A Man of the Cloth…

I assume that you know you are supposed to tip because you tipped me 10 bucks.  Then I also have to assume that you know that 10 bucks is not 20% of 157.00.  Actually it’s not even 10%.  Perhaps the education system in the UK is worse than the education system in Alabama.  If that’s the case then I guess I can forgive you.  You were too stupid to know better.




He was the pastor of some mega-church in LA.  I know this because he told me at least 12 times.  I also know he’s charismatic.  Why…because he told me at least 12 times.  I also know that he’s good at engaging people when he speaks…because he told me at least 12 times.

What I really find interesting is that I can’t find him on line at all.  I can find pastors with his name, but not him.  You’d think if you were the pastor of a mega church in LA that you’d be out there on the Internet somewhere.  But what do I know?

I do know that he’s a freak show.  ONE GINORMOUS FREAK SHOW.

Adam and I met him at the rehearsal dinner.  We arrived late and the only place to sit was next to him.  We introduced ourselves.  And thus started his intense need to make sure we knew that he was as special as he thought he was.  He bragged about his church.  He bragged about his taking over the church.  He bragged about telling his replacement exactly what he needed to do to succeed in the church.  And then bragged about how he laughed when the guy didn’t do so well.

During all this he drank.  And drank.  And drank.
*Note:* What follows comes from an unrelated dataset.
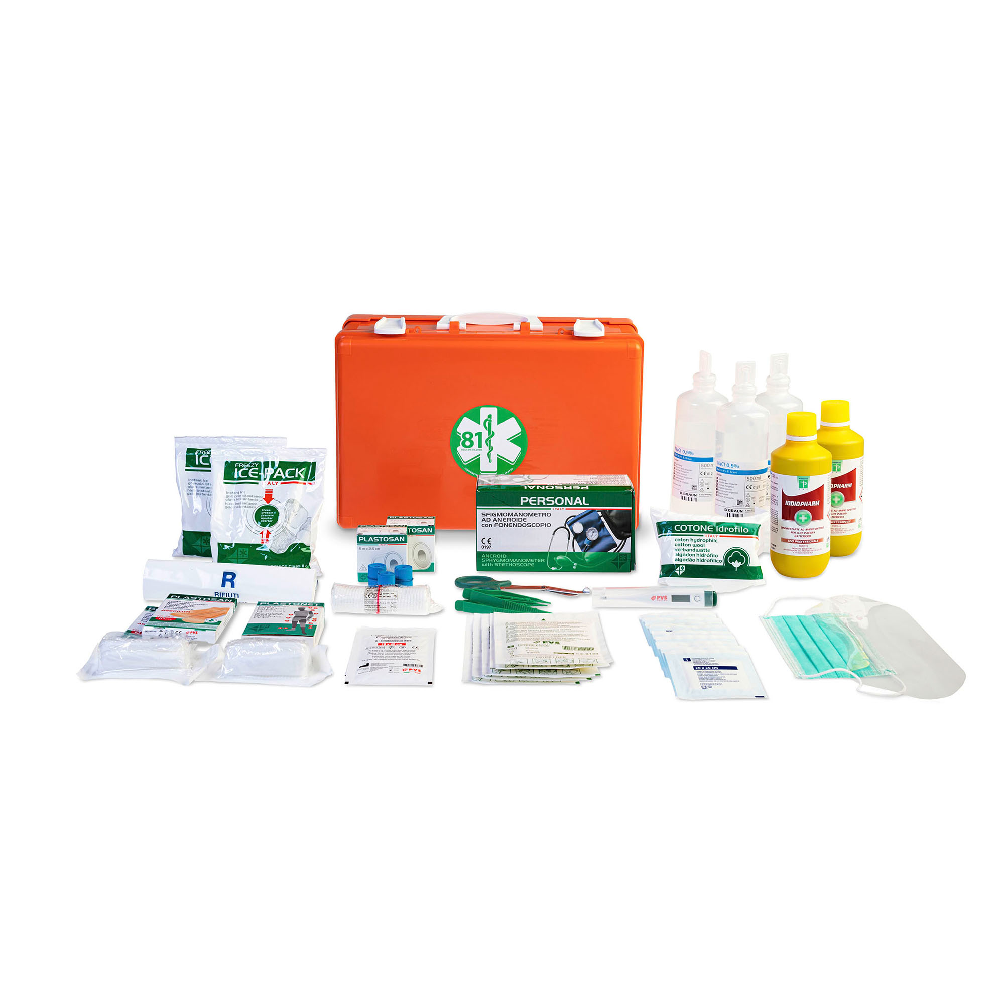 Contenuto a norma dell’ALLEGATO 1 D.M. 388 del 15 luglio 2003 (art. 1) G.U. 27 del 03 febbraio 2004 D.L. 81 del 09 aprile 2008 art. 45 I prodotti definiti dispositivi medici, contenuti nel kit pronto soccorso sono conformi alla direttiva CE 93/42 al DL 24.2.97 e al 2007/47/CEE.

Finally he got up to say a few words.

And made a few off color remarks that were totally inappropriate for a room full of people you don’t even know.  And especially inappropriate for a wedding.  And VERY inappropriate for a rehearsal dinner with four small children present.  Someone stopped him mid sentence in the middle of his “sex” joke about the bride and groom.

And he drank.

And drank.

And drank.

Okay.  Perhaps we are just over reacting.  We are tired.  A bit cranky.  And he’s a minister.

Tune in to the wedding.

From the moment the wedding started I didn’t like him.

He had no sense of decorum or occasion.  He made jokes when he shouldn’t have.  He made REALLY off color jokes when he really shouldn’t have.  He was sexist.  I repeat SEXIST.  I MEAN VERY SEXIST.  He made jokes about the groom having to take the bride shopping.  He made jokes about the groom promising to listen.  He made jokes about this and that that the groom would have to do.  He made no jokes about what the bride would bring to the table.  It was a very 1950’s approach to the role of the man in the relationship.  He didn’t allow for one second the ceremony to have any seriousness to it.  I don’t think we should play up the emotion…fuck it.  I do think you should play up the emotion.  It’s a big deal, at least it should be a big deal, to stand up in front of your friends and family and declare your undying love for someone.  To say that you will love, honor and obey someone till death do you part.  Anytime the sentimentality of the ceremony started to come through he killed it.  I felt like I was watching a stand up comedian perform.  At one point I leaned over to Adam and asked him whether the wedding was about the bride and groom or about him.  I couldn’t tell which.

I mentioned yesterday that the mothers of the bride and the groom went to a table and poured wine from two different bottles into a common cup.  During the actual ceremony the bride and groom also poured wine from the two bottles and drank from the single glass.  A bit heavy handed if you ask me, but I’ve seen it done before and it makes it’s point.

At the end of the ceremony the minister presents the bride and groom.  They start up the aisle.  Then he goes to the table, picks up the wine glass they’ve taken a drink from, downs it in one gulp, holds one of the wine bottles over his head and shouts, “Let’s party.”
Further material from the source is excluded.